ドイツのアマチュアクラブに、ある試みをスタートしたクラブがある。

TuSハルターンは、ドイツのハルターン・アム・ゼーという町を本拠地とする1882年創設のスポーツ総合クラブ。テニスや卓球チームも所有しており、サッカー部門が生まれたのは1900年に入ってから。

今ではクラブメンバーの大半を占める最大組織となっており、昨季の昇格により、今季はドイツ4部相当の5つの地区リーグで構成されるレギオナルリーガに所属している。

そして、そんなハルターンが目指すのは、トップチームをハルターン・アム・ゼー所縁の選手で構成すること。いわばドイツ版ビルバオということだ。ハルターン・アム・ゼー生まれ、もしくはTuSハルターンの下部組織出身の選手が対象となる。
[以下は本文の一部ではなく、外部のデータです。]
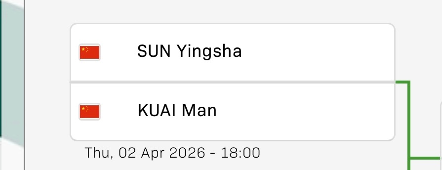 孙颖莎 王楚钦2026澳门乒乓球世界杯 20260401|澳门世界杯赛程4月2日 T1 18:00孙颖莎🇨🇳VS蒯曼🇨🇳4月3日T1 18:45王楚钦🇨🇳VS费利克斯·勒布伦🇫🇷
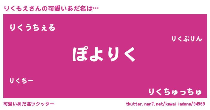 | 男性向けラノベタイトル風あだ名 | 『この素晴らしい世界にりくもえを!』 |
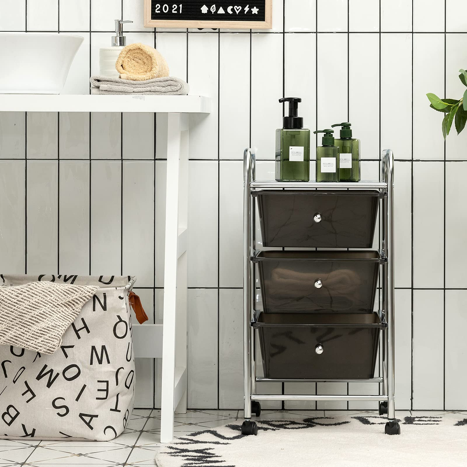 - Home, Office or School Use : This practical drawer trolley offers you a great solution to organize your stuff better. It can be used to arrange stationery in your study, cosmetics in bedroom or supplies in kitchen, office, living room or barbershop.
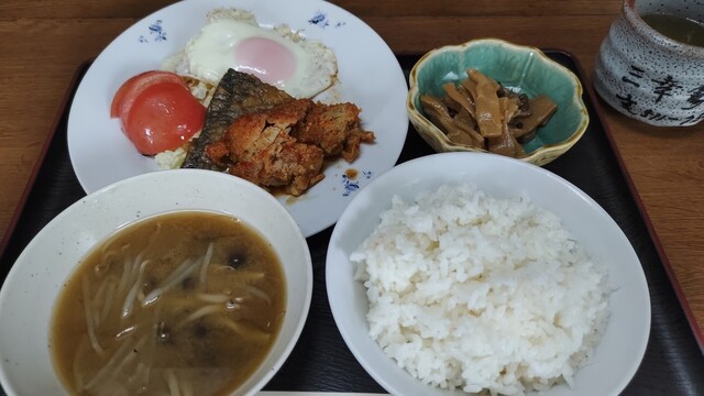 平日の昼時、先客は0名。お得なランチメニューから煮魚黒ムツ定食大盛+納豆(730円税込)を注文。激...
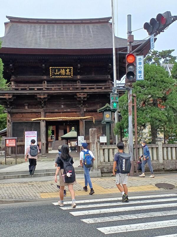 高幡不動尊で朝の会を行い、今日のミッション(写真撮影と指定の買い物)を確認した後、班ごとの散策を行いました。
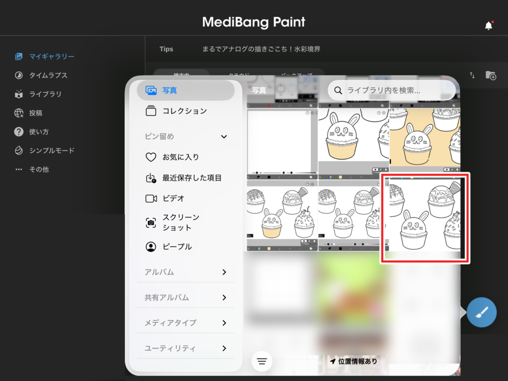 「画像を保存」を押すと、iPadの「写真」フォルダに作品が保存されます。
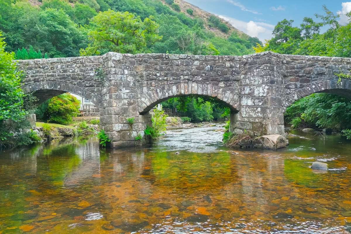 The Inn occupies a stunning position on the banks of the River Teign, immediately beside the 17th-century Grade II* listed Fingle Bridge. Set within a dramatic wooded gorge, the building is surrounded by ancient woodland protected by both the National Trust and Woodland Trust. It is an environment of rare natural beauty, where rushing water, wooded hillsides and a timeless stone bridge create one of Dartmoor's most photographed views. Despite its sense of seclusion, the Inn is conveniently located just ten minutes' drive from
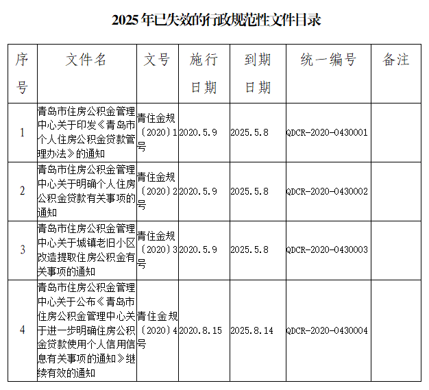 經(jīng)對行政規(guī)范性文件進行清理,市住房公積金管理中心2025年已失效的行政規(guī)范性文件4件,現(xiàn)行有效的行政規(guī)范性文件5件。
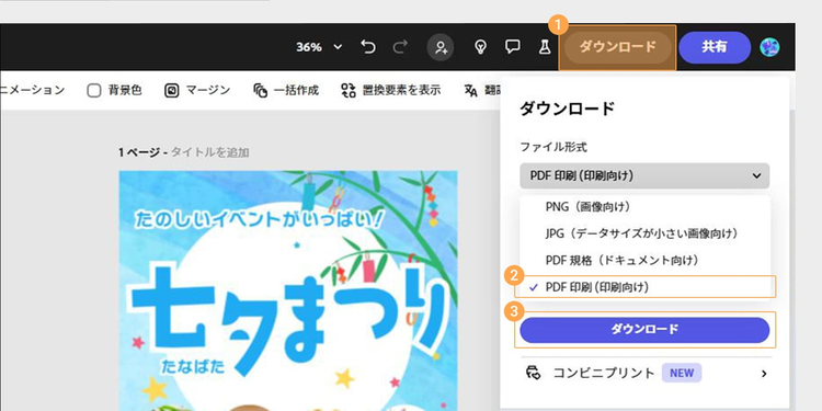 ポスターのデザインが完成したら、ダウンロードしましょう。

来シーズンにはチームの50%、さらに翌シーズンには75%をローカル選手で占めることを目標としており、すでに計画は進行中だ。クラブのラファエル・ブリンケルト会長はこう語る。

「我々は今後数年でより高みへ、さらに先へ速度を上げて進だけでなく、より社会的かつ公平で、持続可能なクラブになれると確信している」

「この計画がクラブの発展と、かつてドイツで最も優れたタレントファクトリーと言われたアマチュアクラブのDNAを取り戻すことに繋がると期待している」

この計画のキーマンとなり得るのが、かつてシャルケやロコモティフ・モスクワでプレーしたベネディクト・ヘヴェデス氏だ。同氏もハルターン・アム・ゼー出身で、現在はクラブの戦略チームの一員を担う。

ヘヴェデス氏の他にも、ブンデスリーガで長きにわたって活躍した元GKセルジオ・ピント氏や、クリストフとマルテのメッツェルダー兄弟も実は同クラブ出身。

今後、さらなる“ローカル化”によってハルターンに所縁のある選手がこの小さなクラブに集まってくるかもしれない。そして、ビルバオの様な伝統を築くことは出来るだろうか。